Até “à hora da bica”, ou seja, do almoço, as pessoas tratam dos recados, sobretudo nos correios e no centro de saúde, vão ao café e ao restaurante da vila e, só depois, recolhem a casa, descreve o ribatejano ao PÚBLICO.

“O vale depois dessa hora parece Sevilha e a Andaluzia com a siesta, as pessoas ficam por casa com as ventoinhas e o ar condicionado ligados. Não se costuma ver gente na rua durante a tarde”, garante. E o calor de segunda-feira não reduziu o ritmo da vida em Vale de Santarém? “Nada”, respondeu, com um sorriso tranquilo. “Quer dizer” – corrigiu, olhando para a esposa – “quase nada, morreram sete canários do meu sogro.”

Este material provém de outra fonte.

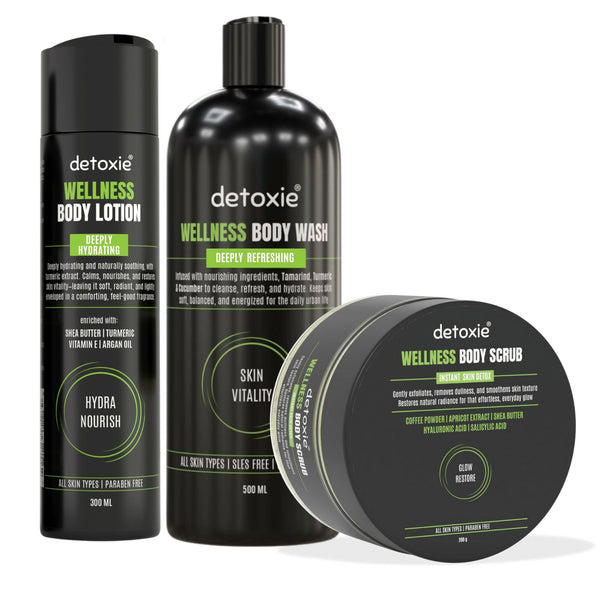 The Detoxie Wellness Body Care Combo is a three-step set designed for a simple shower and skincare routine. It features a Body Wash, a Body Scrub, and a Body Lotion, each created to be part of an everyday self-care ritual.

A única diferença notada por Francisco Sacramento foi a ausência da nortada proveniente do rio Tejo que atenua a sensação de calor. Por isso, acrescenta, na segunda-feira, o vale foi coberto por uma “estufa” térmica, um fenómeno cada vez “mais recorrente” e que torna as noites “difíceis”, uma vez que as fachadas das moradias, ainda que pintadas de branco, não são capazes de isolar o interior de tanto calor acumulado.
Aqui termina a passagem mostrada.